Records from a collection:
====
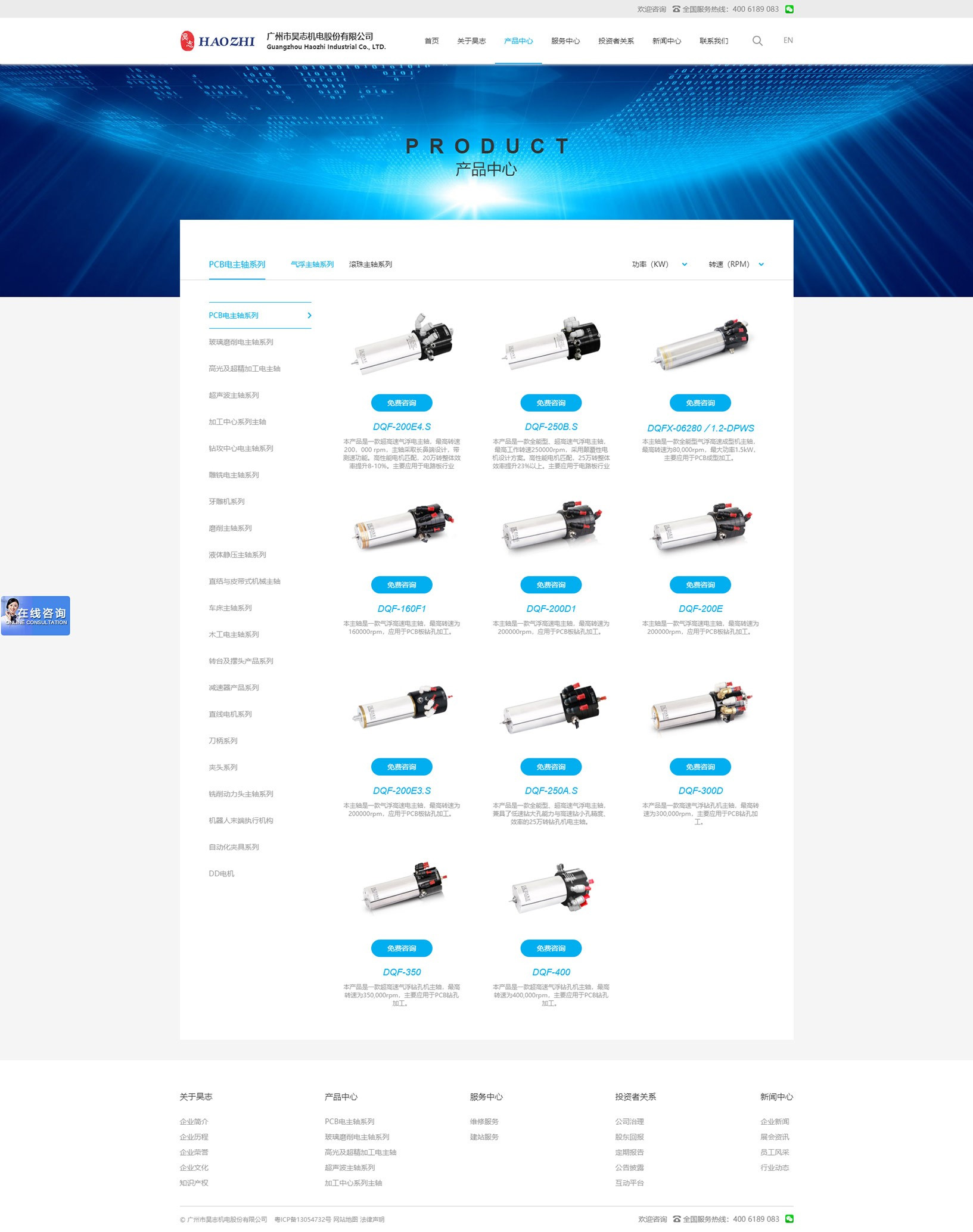 昊志機電 “以中高端數(shù)控機床及機器人核心功能部件、新能源汽車和節(jié)能環(huán)保領域的燃料電池壓縮機、曝氣鼓風機、直驅(qū)類高速風機等產(chǎn)品為核心,以精密零配件制造為支撐,以配套維修服務為特色”,通過堅持不懈的技術攻關和持之以恒的品質(zhì)管理,構(gòu)建了數(shù)控機床和機器人核心功能部件及新能源汽車和節(jié)能環(huán)保領域的核心功能部件等業(yè)務板塊。為滿足不同應用領域的使用需求,昊志機電設計研制了包括PCB鉆孔機/成型機/劃片機電主軸、數(shù)控金屬/玻璃雕銑機電主軸、數(shù)控車床主軸/電主軸、走芯車床電主軸、直結(jié)與皮帶式機械主軸、加工中心電主軸、鉆攻中心電主軸、高速內(nèi)/外圓磨床主軸、木工雕銑機電主軸、高光及超精加工電主軸、超聲波電主軸、液靜壓主軸、銑削動力頭、末端執(zhí)行機構(gòu)、刀柄夾頭、數(shù)控轉(zhuǎn)臺、直線電機、諧波減速器、燃料電池壓縮機、曝氣鼓風機、直驅(qū)類高速風機等數(shù)十個系列上百種產(chǎn)品,并穩(wěn)步向其他核心功能部件行業(yè)擴張。
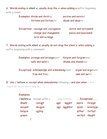 6. Words ending in silent e, usually drop the e  when adding a suffix beginning
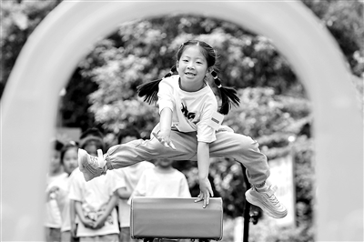 5月16日,浙江省湖州市長興縣張家村花園幼兒園幼兒參與“跳馬”項目。該園加強體教融合,通過田徑協會教練進校園、體適能跑操晨練等形式,讓幼兒在游戲中運動、在運動中成長。譚云俸 攝
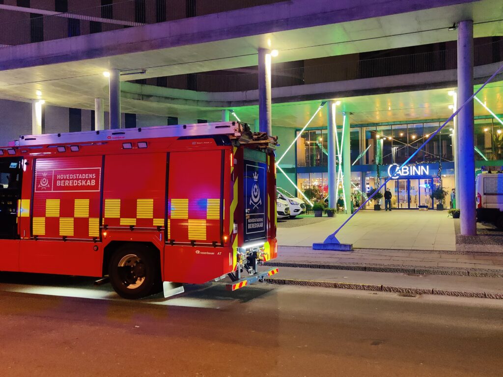 Hovedstadens Beredskab rykkede tirsdag aften ud til en brandalarm på et hotel på Ari Magnussons Gade i København.
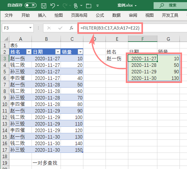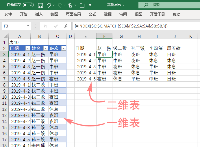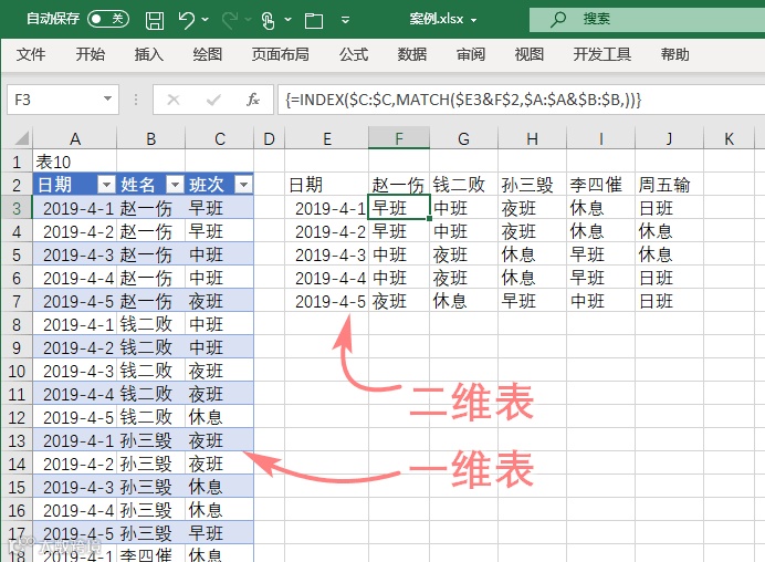 还有一些问题,看似不是查找,但也可以用查找的手法来完成,比如一维表转二维表,要将下图中左边的一维表转换为右边的二维表,表中的公式是:
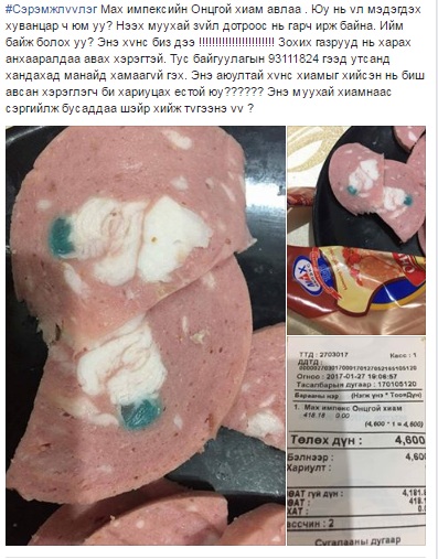 Эргэн сануулахад, одоогоос хэдэн жилийн өмнө иргэн Д-ийн худалдан авсан мөн л “Мах импекс” компанийн үйлдвэрлэсэн хиам муудсан байсан тул өөрийн цахим хуудаст/facebook/ энэ талаарх мэдээллийг тавьж олон нийтэд сэрэмжлүүлж байсан удаатай. Тэгвэл энэ үйлдэл “Мах импекс” компанид дахин давтагдлаа. Тус асуудлыг холбогдох газрууд нь харж анхааралдаа авахыг хүсье.
====
WHAT YOU WILL DO =
Would you please restate the records word for word, excluding any images?

WRITTEN ANSWER =
 昊志機電 “以中高端數(shù)控機床及機器人核心功能部件、新能源汽車和節(jié)能環(huán)保領域的燃料電池壓縮機、曝氣鼓風機、直驅(qū)類高速風機等產(chǎn)品為核心,以精密零配件制造為支撐,以配套維修服務為特色”,通過堅持不懈的技術攻關和持之以恒的品質(zhì)管理,構(gòu)建了數(shù)控機床和機器人核心功能部件及新能源汽車和節(jié)能環(huán)保領域的核心功能部件等業(yè)務板塊。為滿足不同應用領域的使用需求,昊志機電設計研制了包括PCB鉆孔機/成型機/劃片機電主軸、數(shù)控金屬/玻璃雕銑機電主軸、數(shù)控車床主軸/電主軸、走芯車床電主軸、直結(jié)與皮帶式機械主軸、加工中心電主軸、鉆攻中心電主軸、高速內(nèi)/外圓磨床主軸、木工雕銑機電主軸、高光及超精加工電主軸、超聲波電主軸、液靜壓主軸、銑削動力頭、末端執(zhí)行機構(gòu)、刀柄夾頭、數(shù)控轉(zhuǎn)臺、直線電機、諧波減速器、燃料電池壓縮機、曝氣鼓風機、直驅(qū)類高速風機等數(shù)十個系列上百種產(chǎn)品,并穩(wěn)步向其他核心功能部件行業(yè)擴張。
 6. Words ending in silent e, usually drop the e  when adding a suffix beginning
 5月16日,浙江省湖州市長興縣張家村花園幼兒園幼兒參與“跳馬”項目。該園加強體教融合,通過田徑協會教練進校園、體適能跑操晨練等形式,讓幼兒在游戲中運動、在運動中成長。譚云俸 攝
 Hovedstadens Beredskab rykkede tirsdag aften ud til en brandalarm på et hotel på Ari Magnussons Gade i København.
 还有一些问题,看似不是查找,但也可以用查找的手法来完成,比如一维表转二维表,要将下图中左边的一维表转换为右边的二维表,表中的公式是:
 Эргэн сануулахад, одоогоос хэдэн жилийн өмнө иргэн Д-ийн худалдан авсан мөн л “Мах импекс” компанийн үйлдвэрлэсэн хиам муудсан байсан тул өөрийн цахим хуудаст/facebook/ энэ талаарх мэдээллийг тавьж олон нийтэд сэрэмжлүүлж байсан удаатай. Тэгвэл энэ үйлдэл “Мах импекс” компанид дахин давтагдлаа. Тус асуудлыг холбогдох газрууд нь харж анхааралдаа авахыг хүсье.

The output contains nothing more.